= Database forensics =

Database forensics is a branch of digital forensic science relating to the forensic study of databases and their related metadata.

The discipline is similar to computer forensics, following the normal forensic process and applying investigative techniques to database contents and metadata. Cached information may also exist in a servers RAM requiring live analysis techniques.

A forensic examination of a database may relate to the timestamps that apply to the update time of a row in a relational table being inspected and tested for validity in order to verify the actions of a database user. Alternatively, a forensic examination may focus on identifying transactions within a database system or application that indicate evidence of wrongdoing, such as fraud.

Software tools can be used to manipulate and analyse data. These tools also provide audit logging capabilities which provide documented proof of what tasks or analysis a forensic examiner performed on the database.

As of 2008, many database software tools are in general not reliable and precise enough to be used for forensic work as demonstrated in the first paper published on database forensics. As of 2008, there was only a single book published in this field, though more are destined. Additionally there is a subsequent SQL Server Forensics book by Kevvie Fowler which is also well regarded.

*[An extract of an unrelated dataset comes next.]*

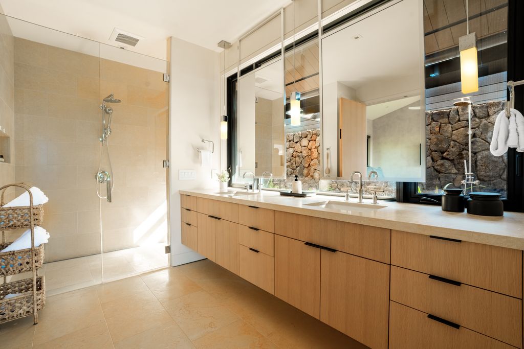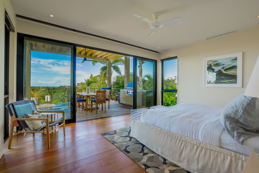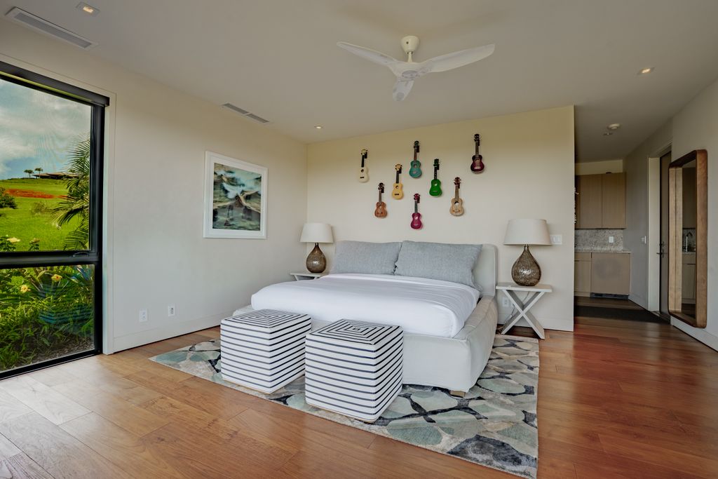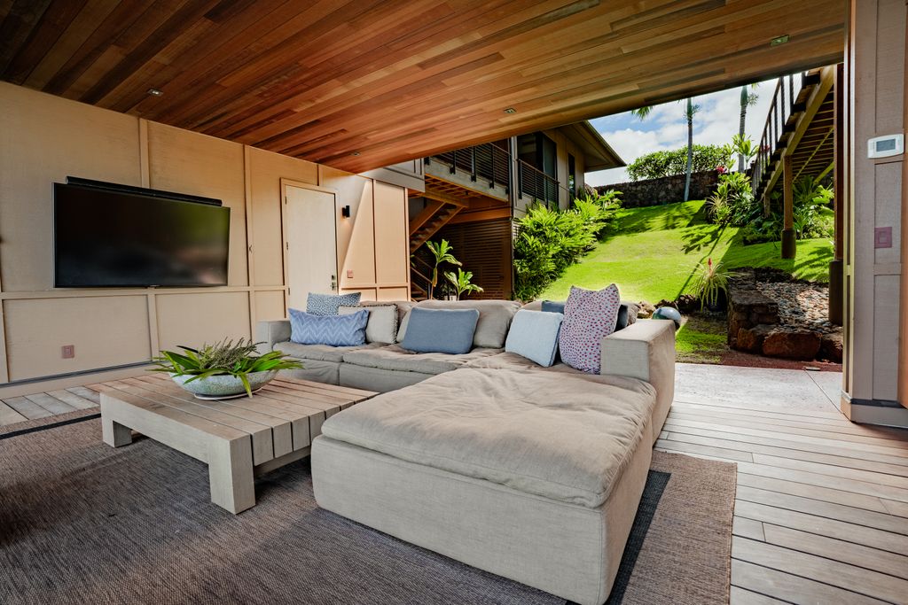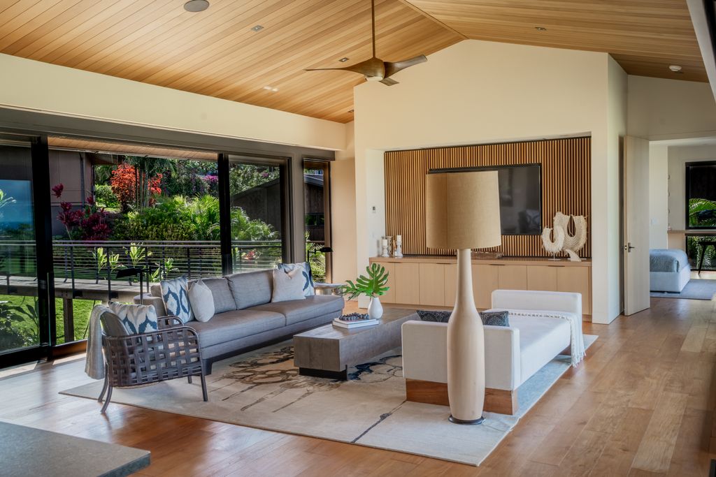 Interiors showcase a refined tropical aesthetic"”light oak cabinetry, teak hardwood floors, and granite countertops paired with clean, modern lines. The chef's kitchen features Miele appliances, a generous island that seats six, and seamless access to the covered BBQ lanai"”ideal for sunset dining and entertaining. Vaulted ceilings, glass railings, and thoughtful airflow design create the true indoor-outdoor lifestyle Kaua"˜i is known for.
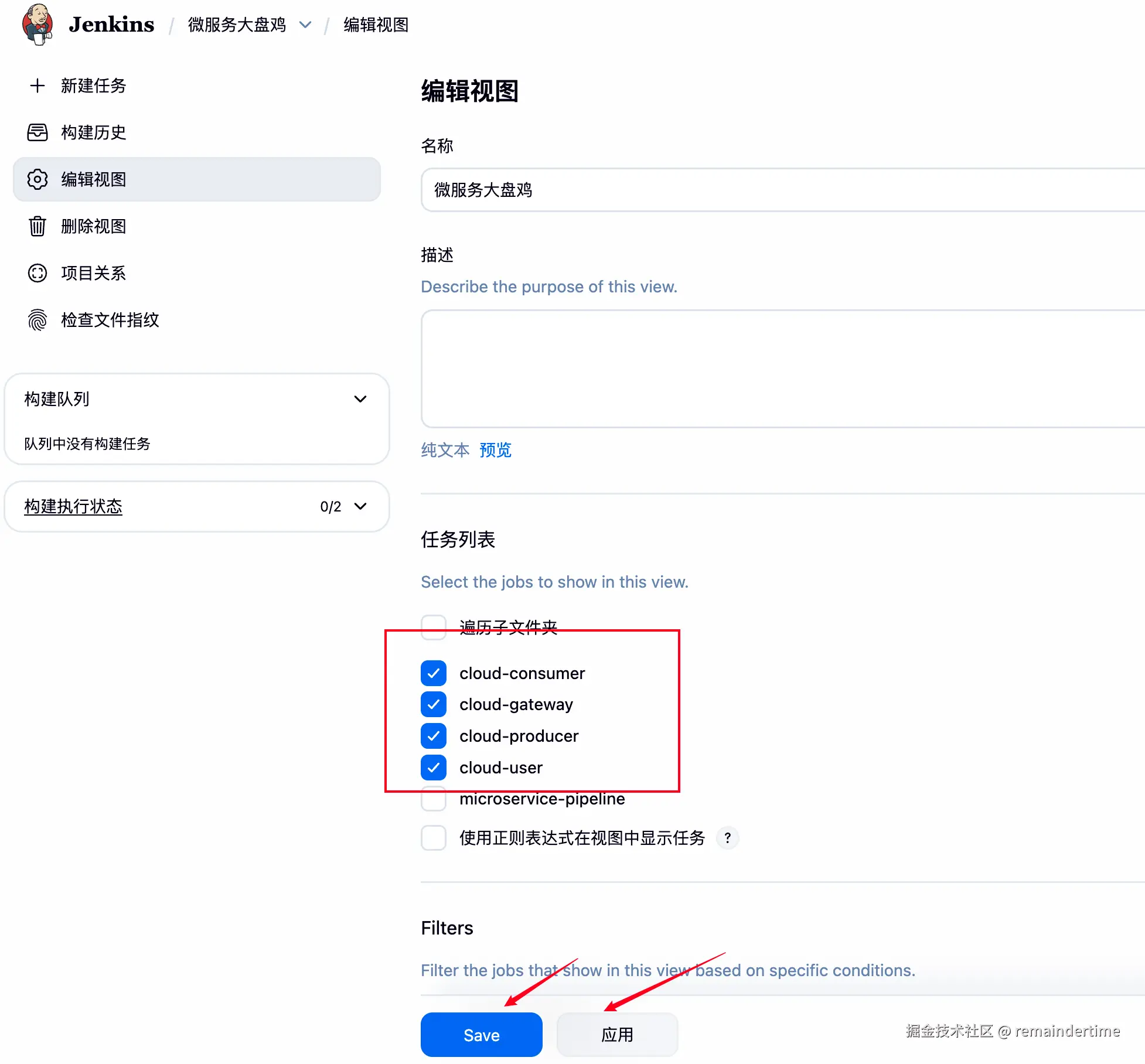 注:配置中的 java 堆大小以及 占用核数、运行内存大小 需要根据自身服务器配置以及需要并行运行的服务个数决定,配置太小会导致系统为了自保,要么卡死,要么会把 Jenkins 甚至把你的 Nacos 等服务给杀掉。

The forensic study of relational databases requires a knowledge of the standard used to encode data on the computer disk. A documentation of standards used to encode information in well-known brands of DB such as SQL Server and Oracle has been contributed to the public domain. Others include Apex Analytix.

Because the forensic analysis of a database is not executed in isolation, the technological framework within which a subject database exists is crucial to understanding and resolving questions of data authenticity and integrity especially as it relates to database users.